Anne-Marie Chidzero, chief investment officer at FSD Africa Investments, talks about the risks and opportunities in backing Africa’s early-stage startups.
While funding is crucial to any startup’s success, Anne-Marie Chidzero knows it’s not the only challenge facing young companies in Africa. Entrepreneurs on the continent navigate problems around policies and regulations and need the backing of investors who can do more than what regular venture capitalists would.
Chidzero, the chief investment officer of FSD Africa Investments, has spent over 20 years in finance and the development of small and medium-sized enterprises (SMEs). In her current role, she identifies and coordinates investment opportunities for the firm. She believes African startups need development finance institutions (DFIs), which provide capital for high-risk projects that traditional lenders are not inclined to fund.
She spoke to Rest of World about how DFIs can bridge Africa’s early-stage startup funding gaps and what the future looks like for the continent’s startup valuations.
In what specific ways do development finance institutions and private investors bridge the early-stage funding gap for startups?
We need [to first] acknowledge why Africa is a frontier market.
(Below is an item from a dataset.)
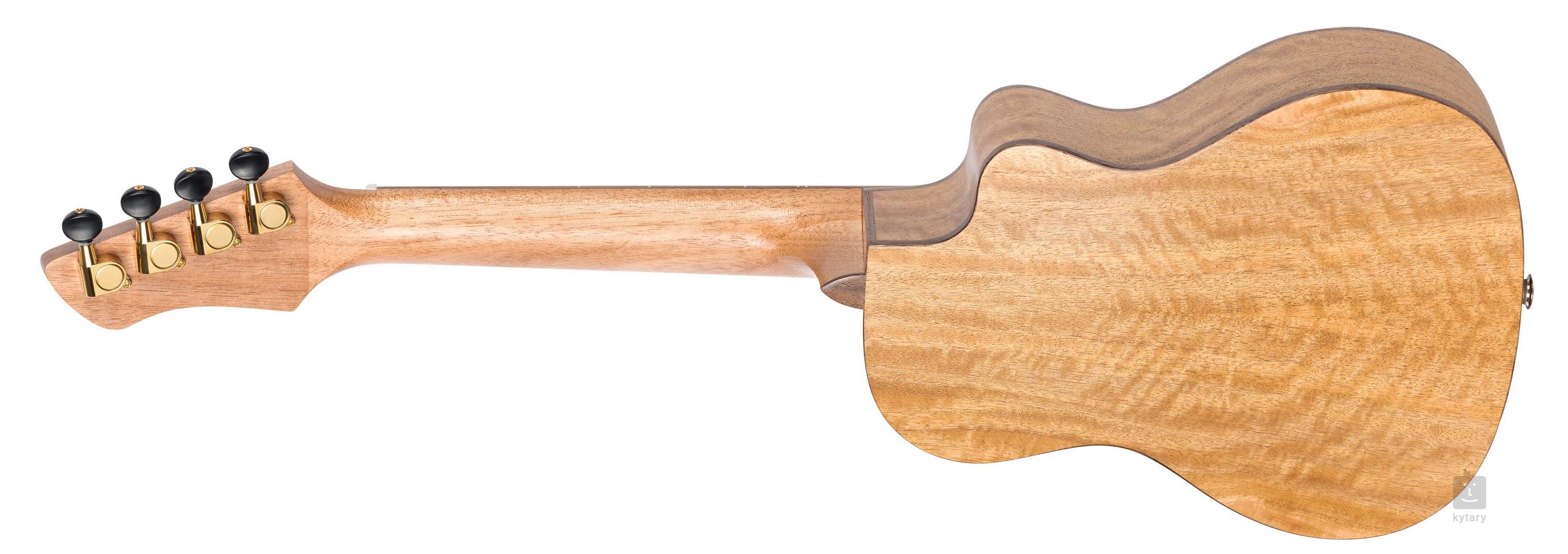 Der Korpus dieser Ukulele ist aus umspritztem Mangoholz gefertigt. Auf den Okoumé-Hals ist ein Griffbrett aus Tecwood-Verbundmaterial mit achtzehn Bünden geklebt. Die Saiten sind in einem Komposit-Kolben und geschlossenen schwarzen Stimmmechaniken (Die-Cast - 4 in Linie) mit schwarzen Wirbeln montiert. Das edle Aussehen wird durch das Walnuss-Binding des Korpus und des Griffbretts unterstrichen.

We have a vast youth population, and we’re seeing that [they] will drive a lot of the innovation around the business models that will address our needs — whether their social or economic needs.
We also need to acknowledge that there’s a massive gap in the market and figure out how to fund these early-stage concepts. Do we have institutions? These are unproven, novel models — they carry many inherent risks. Then, other aspects of the economy have their risks.
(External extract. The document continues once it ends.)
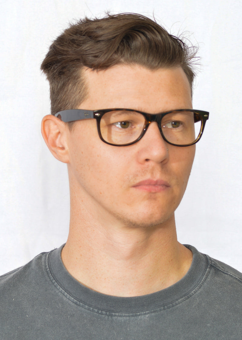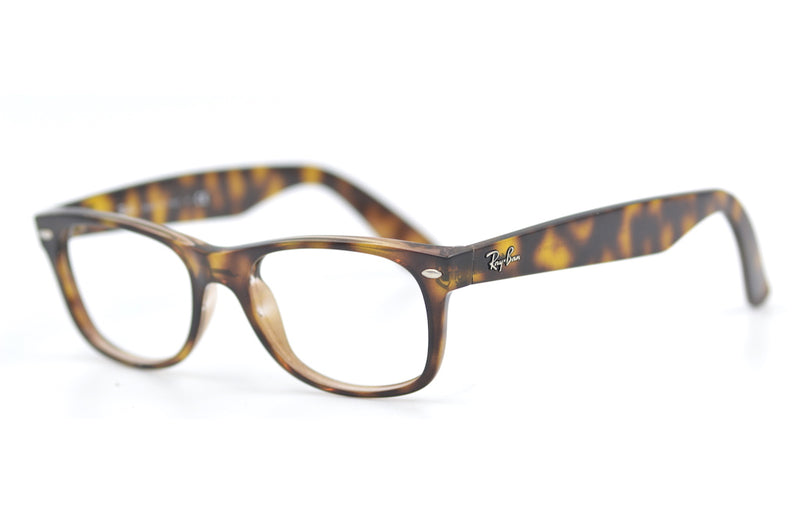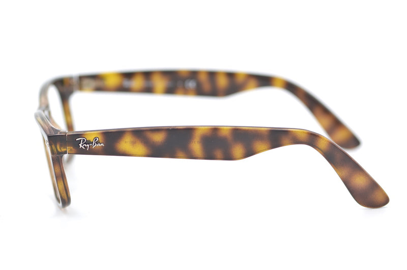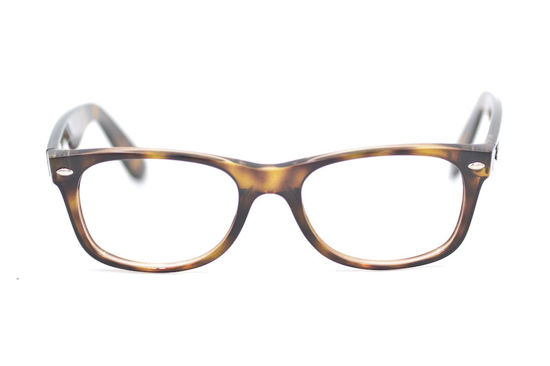 RayBan 2132 New Wayfarer in colour 944, brown mottled acetate. This frame is not fitted with lenses, but can be easily converted to prescription glasses or sunglasses. Made in Italy the frame features the signature rivet detailing to the front temporal edges and the temple sides feature the RayBan signature. This authentic frame is a timeless classic. This up-cycled frame is in good condition with very little sign of wear, see pictures for condition.

The way we intervene is that we are prepared to take a lot of that risk in backing incredible teams, whether they are in the capital market space or early-stage enterprises or startups. We’re ready to support credible teams with real vision and thought-through solutions — particularly solutions driven by technology or digital because that will be very important for Africa’s growth. We’re prepared to come in, potentially unlike other DFIs, to take on that risk. We aim to demonstrate those financing models that we hope will crowd in other DFIs and other types of investors.
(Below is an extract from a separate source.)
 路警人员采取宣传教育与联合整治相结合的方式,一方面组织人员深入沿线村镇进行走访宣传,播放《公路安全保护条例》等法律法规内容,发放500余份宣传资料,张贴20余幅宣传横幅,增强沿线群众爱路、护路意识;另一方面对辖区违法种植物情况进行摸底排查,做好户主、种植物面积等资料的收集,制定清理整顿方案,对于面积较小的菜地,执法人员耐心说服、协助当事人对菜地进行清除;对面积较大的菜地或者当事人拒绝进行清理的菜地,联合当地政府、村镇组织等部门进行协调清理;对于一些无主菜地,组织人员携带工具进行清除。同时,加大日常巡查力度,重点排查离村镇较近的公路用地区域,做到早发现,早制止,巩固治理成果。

How do you see founders and investors adapting to the global tech downturn and its impact on startup funding on the continent in 2023?
The collapse of Silicon Valley Bank (SVB) was less to do with the market they were saving and more to do with their overall growth and how they were financing themselves. It’s important to understand that there certainly is risk in early-stage funding ventures. We are backing a couple of these ventures that are developing innovative solutions. It’s when they get to scale that this needs to be managed. From a financial systems banking perspective, we can learn the lessons from the SVB case. But when it comes down to thinking about those solutions that enable access of early-stage companies to finance, I think we still need to work hard to consider how best to do that, how best to protect the providers, the role of policy and regulation, and so on.
The market is constantly evolving and requires different types of stakeholders to solve problems. And that’s what’s unique about FSD Africa — while we make investments, we’re also conscious that that’s not the only problem that needs to be addressed. There are problems around policies and regulations, raising awareness, and equipping the stakeholders to address the issues in the financial market.
Some investors believe the funding boom between 2020 and early 2022 led to unrealistic valuations. What do you make of this?
Markets are cyclical. Some of those valuations may have been unrealistic. But the market will demonstrate how these valuations materialize, which will impact how investors will view valuations going forward.
I sense that it’s not a market that can self-correct quickly. I think it’s a market that is remarkably resilient. Sadly, we’ll probably have some startups that won’t make it. But it’s a very dynamic market, in my view. I don’t think it’s a question of self-correcting like global markets that can do that because many different players can intervene. In the startup space, there will be quite a lot of resilience. You will see some startups that won’t make it, but you’ll see new ones that will come in.